The Client may terminate this agreement in whole or in part immediately by written notice to the Company if:

(a) Linxio has committed a material breach of this agreement or an Order Form (which is not a Technical Issue) and has failed to remedy the breach within 30 days of written notice by the Client;

(b) Linxio consents to such termination, subject to the Client’s fulfillment of any pre-conditions to such consent (e.g. payment of a pro-rata portion of the agreed fees); or

(c) Linxio becomes subject to any form of insolvency or bankruptcy administration.

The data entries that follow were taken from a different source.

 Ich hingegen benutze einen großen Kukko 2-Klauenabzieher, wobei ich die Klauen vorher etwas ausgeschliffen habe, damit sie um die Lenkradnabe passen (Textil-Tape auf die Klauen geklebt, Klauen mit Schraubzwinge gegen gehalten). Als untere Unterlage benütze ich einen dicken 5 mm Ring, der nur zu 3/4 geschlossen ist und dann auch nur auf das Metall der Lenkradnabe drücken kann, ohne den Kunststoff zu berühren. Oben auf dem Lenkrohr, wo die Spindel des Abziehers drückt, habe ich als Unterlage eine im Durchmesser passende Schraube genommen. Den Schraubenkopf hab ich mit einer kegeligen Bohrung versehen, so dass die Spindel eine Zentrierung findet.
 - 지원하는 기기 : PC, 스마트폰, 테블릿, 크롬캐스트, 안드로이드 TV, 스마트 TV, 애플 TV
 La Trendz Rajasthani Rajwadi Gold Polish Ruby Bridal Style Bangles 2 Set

(a) Unless subclause (b) of this clause applies, at the end of the Term, the Client may terminate this agreement with no less than 60 days’ written notice to Linxio. If the Client does not notify Linxio that it intends to terminate, this agreement and all applicable Fees will continue to renew in accordance with clause 1(b).¬†

(b) If you have Hardware on Rental, at the end of the Term, the Client may terminate this agreement with no less than 30 day’s written notice to Linxio. If the Client does not notify Linxio that it intends to terminate, this agreement will roll over to a 12 month Software Subscription and all applicable licences and Fees will apply.

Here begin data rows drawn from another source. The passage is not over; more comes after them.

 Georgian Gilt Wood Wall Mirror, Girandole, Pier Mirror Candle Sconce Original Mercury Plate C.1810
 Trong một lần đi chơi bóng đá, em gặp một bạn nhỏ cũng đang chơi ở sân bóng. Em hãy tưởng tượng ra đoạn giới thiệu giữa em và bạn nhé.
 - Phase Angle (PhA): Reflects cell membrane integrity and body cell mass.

Linxio may terminate these terms or any Order Form in whole or in part immediately by written notice to the Client if:

(a) the Client is in breach of any term of these terms or any part of an Order Form; 

(b) the Client becomes subject to any form of insolvency or bankruptcy administration; or

(c) the Client is involved, or Linxio reasonably suspects that the Client is involved, in illegal activities. 


Upon termination of this agreement, the Client must promptly pay (at Linxio’s request):

(a) outstanding Fees for Services to date and during the termination notice period; and

(b) payments required by Linxio’s suppliers to discontinue their work.

If the Client has possession of the Hardware in accordance with a Monthly Payment Plan or a Subscription, the Client must also promptly pay the remainder of the Hardware costs for the Term or return the Hardware. 


Any provision of these terms (including in an Order Form) which, by its nature, would reasonably be expected to be performed after the termination, shall survive and be enforceable after such termination.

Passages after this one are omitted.